Originally published on Towards AI.

This article is a comprehensive guide to the most common causal inference techniques, complete with practical examples and code. While the scenarios are inspired by real-world use cases I have worked on, the data has been synthetically generated for clear and reproducible demonstrations.

Introduction: Why Causal Inference Matters?

Imagine your team has launched a new “smart reply” feature for customer support aimed at reducing the average handle time(AHT) for a ticket . A quarter later, the main dashboard is glowing as the metric(AHT) has dropped by 18%. The team is celebrating, but a sharp question arises in the business review: “How do we know the feature caused this drop? Seasonality and other business changes also happened in that period.”

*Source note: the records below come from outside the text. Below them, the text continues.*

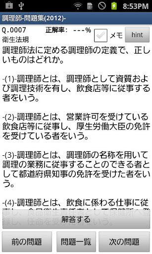 | Appname: 調理師免許試験-問題集(2012年版)- Developer: edusoft Price: Size: 1,1M | Version: 1.9.8.0 min. Android Version: 1.5 oder höher Category: Lernen Download: Please scroll down |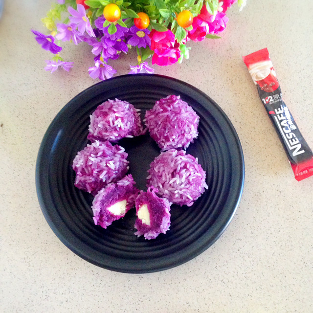 紫薯泥中的糯米粉根据紫薯的含水量添加,能把紫薯揉成团即可,不要多。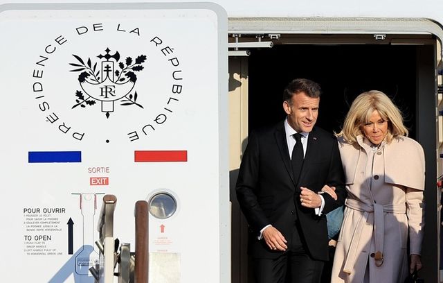 에마뉘엘 마크롱 프랑스 대통령과 브리지트 마크롱 여사가 2일 경기 성남시 서울공항을 통해 방한, 전용기에서 내리고 있다. / 뉴스1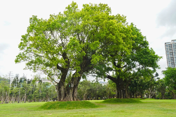 除了這幾棵300多歲的“高齡”古樹,小榕樹、異木棉、小葉紫薇等植物在園內(nèi)形成一片乘涼遮陰的好地方。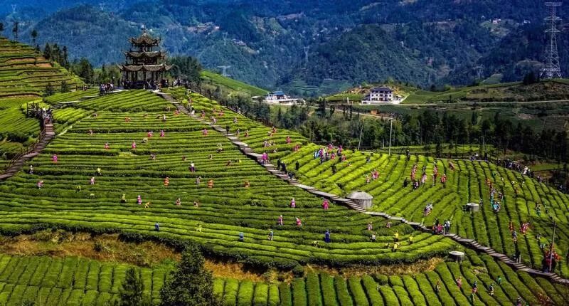 湖北恩施州贫困户在伍家台茶叶基地采摘茶叶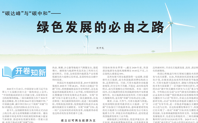 8月13日,中國科學院大連化學物理研究所劉中民院士受邀在《人民日報》“開卷知新”欄目發(fā)表《綠色發(fā)展的必由之路》主題文章,介紹“雙碳”知識概念及我國實現(xiàn)“雙碳”目標的必要性、緊迫性和可實施路徑等。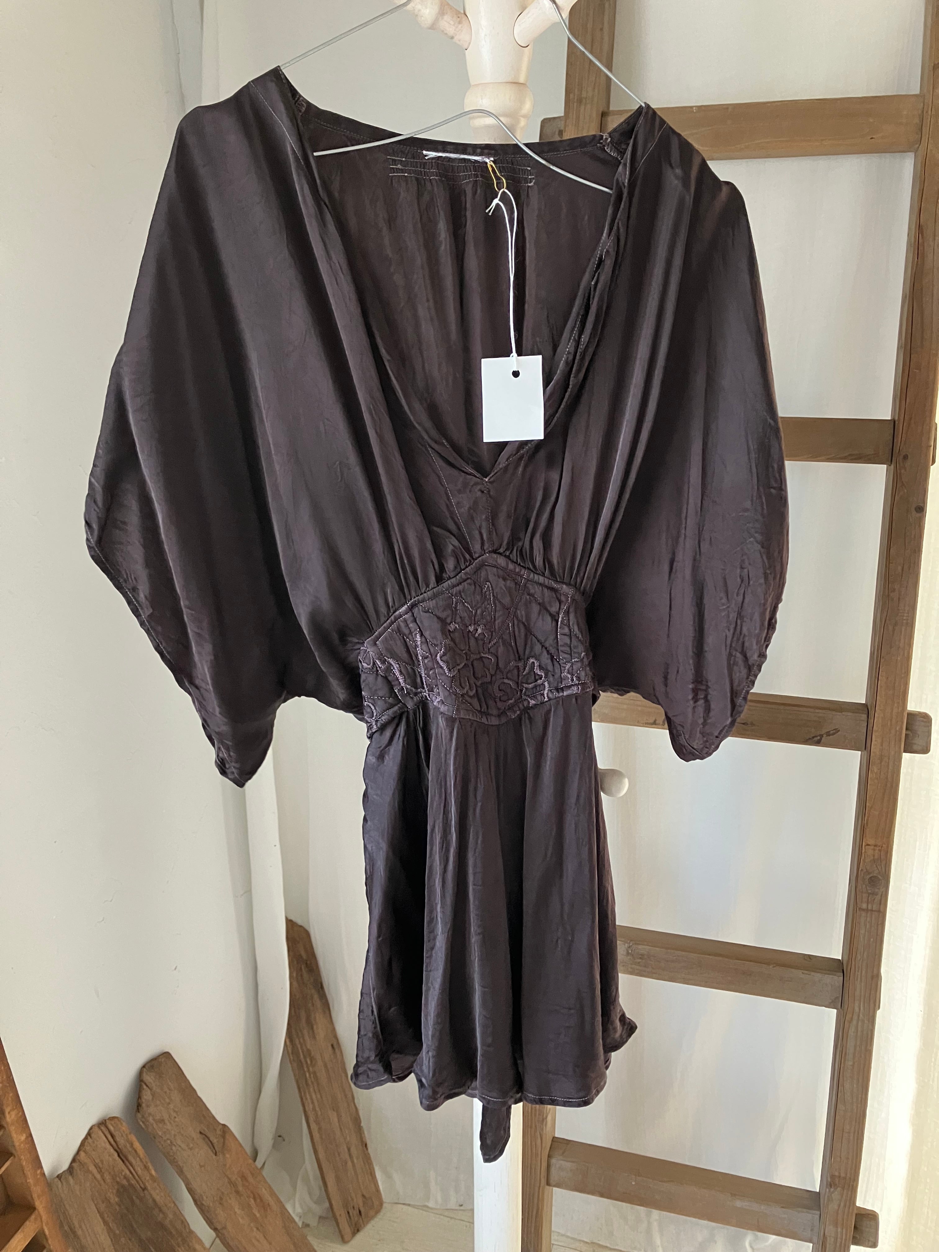 落ち着いたブラウンカラーに、ウエストリボンが施されたリメイクデザインのTシャツ。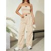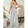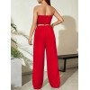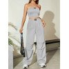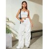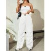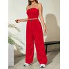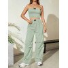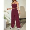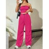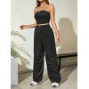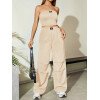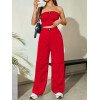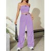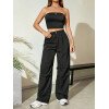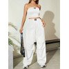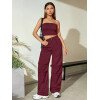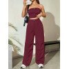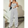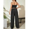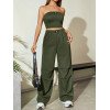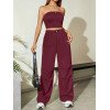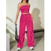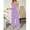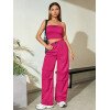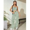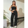 Flirla Conjunto para mujer de 2 piezas suelto y casual de verano: top corto bustier con estampado de letra y pantalones plisados de pierna ancha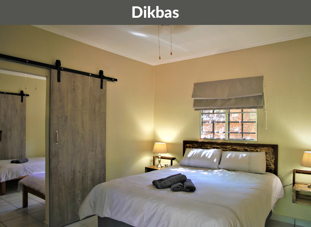 2 x Family Units named Dikbas and Raasblaar (each with 2 interleading rooms), one for adults and the other for children or 2 single individuals. Furnished with a queen size bed and two single beds, bedside tables & lamps, ceiling fans & electricity points. Enjoy your on-suite fully equipped kitchenette with fridge/freezer, microwave, gas hob as well as a separate spacious, private ablution with shower, toilet and basin (in close proximity).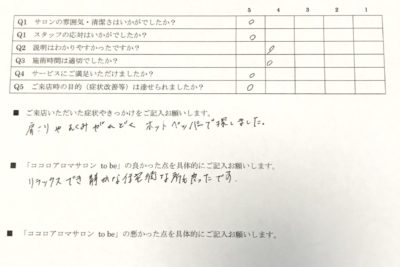お客様の声 ~主訴:肩こりやむくみ~ 東大阪市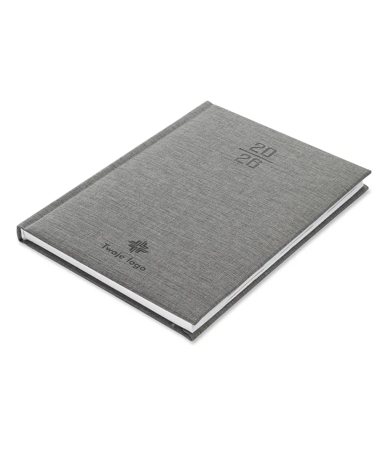 Kalendarz książkowy Trypolis B5 z logo to model kalendarza z oprawą o bardzo ciekawej fakturze przypominającej tkaninę. Oprawa jest nieobszyta.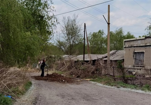 柏油路变成土路,坑洼不平,有人在义务修路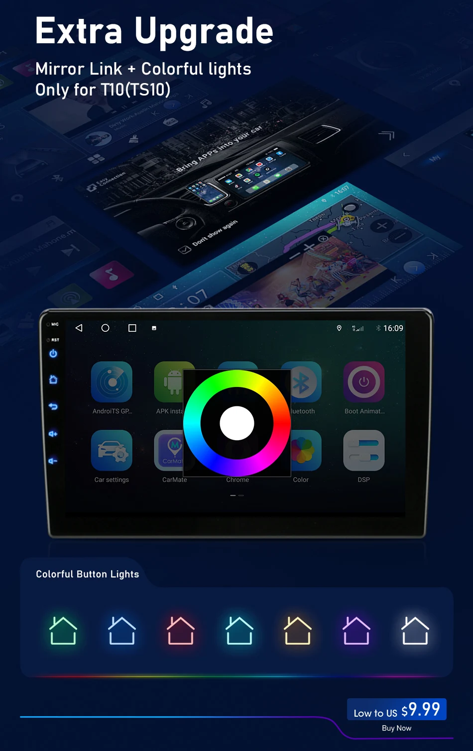 Покупка дополнительных функций (только для моделей TS10): Простое подключение: 1. Мобильный телефон с зеркальным подключением (Android и IOS) 2. Двухканальное соединение (можно управлять как головным устройством, так и мобильный телефон). Красочные огни: В 7 видов цветов на круглую кнопку на стороне может быть отрегулировано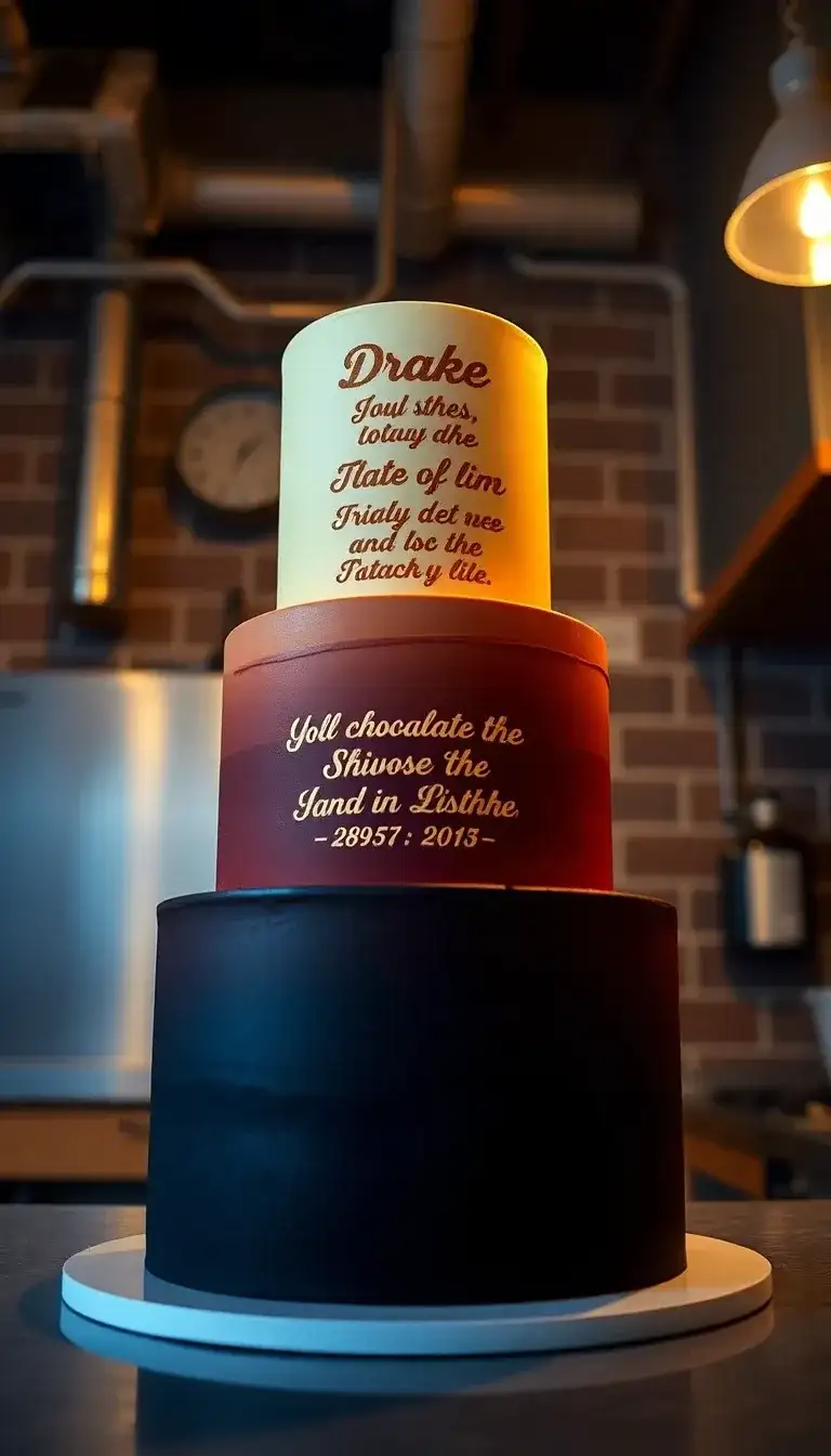 Drake is a famous rapper, and he has a fun cake named "Started From The Bottom Tier Cake." This cake has three big layers, each a different color. The top layer is light yellow, the middle layer is a deep red, and the bottom layer is black. Each layer has special words written on it. These words tell a story about starting small and working hard to become big. The cake looks really cool and is perfect for a party. Everyone would love to celebrate with a cake that shows how far someone can go!
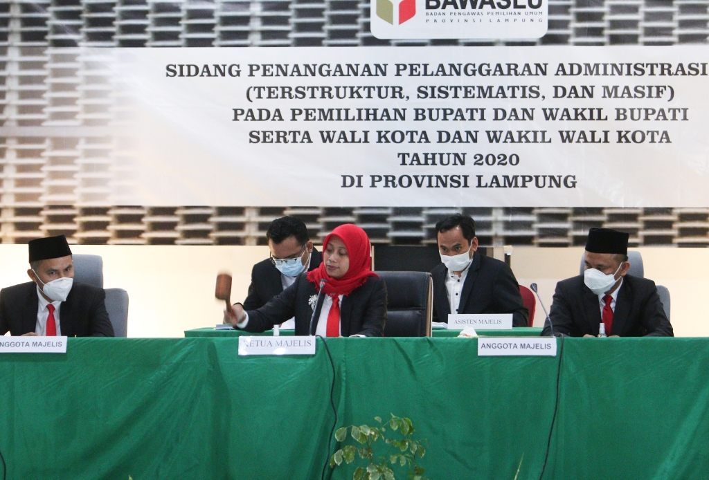 TRIBUNLAMPUNG.CO.ID, Bandar Lampung - Majelis sidang penanganan pelanggaran administrasi TSM Pilkada Bandar Lampung 2020 secara resmi mendiskualifikasi pasangan calon Wali Kota dan Wakil Wali Kota Bandar Lampung nomor 03 Eva Dwiana-Deddy Amarullah.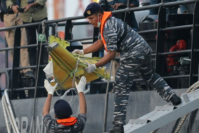 Anggota Tentera Laut mengangkat sebahagian serpihan pesawat yang ditemui.

This is one of the most critical questions you can face. Answering it requires moving beyond correlation to establish causation. This article is a guide to the essential causal inference techniques you can use to answer these questions with confidence.

First, The Core Concepts:

Before opening the toolbox, let’s understand the two fundamental challenges we’re up against:

1. The Counterfactual Problem

The core challenge of causal inference is that we can never observe what would have happened in an alternate universe. If a user gets a new feature and buys a product, we will never know if they would have bought it anyways without getting the new feature. This unobserved outcome is called the counterfactual. Our goal is to use data to create the most reasonable estimate of this counterfactual. The causal effect is the difference between what happened and what would have happened in the counterfactual scenario.

2. Confounding Variables

When you see a feature and an outcome moving together, it’s tempting to connect them. But most of the times, there is always a hidden third factor which we call as confounding variable influencing both. For example, more experienced agents might be more likely to adopt a new tool and hence have lower handle times. Is the tool making them faster, or are faster agents just more likely to use the tool? Experience is the confounder. Our methods are designed to control for these hidden factors.

Correlation vs. Causation: The Trap

It’s very common to equate correlation with causation, but this is a classic pitfall we all should be careful of. An observed correlation between a treatment and an outcome doesn’t prove the treatment caused the outcome.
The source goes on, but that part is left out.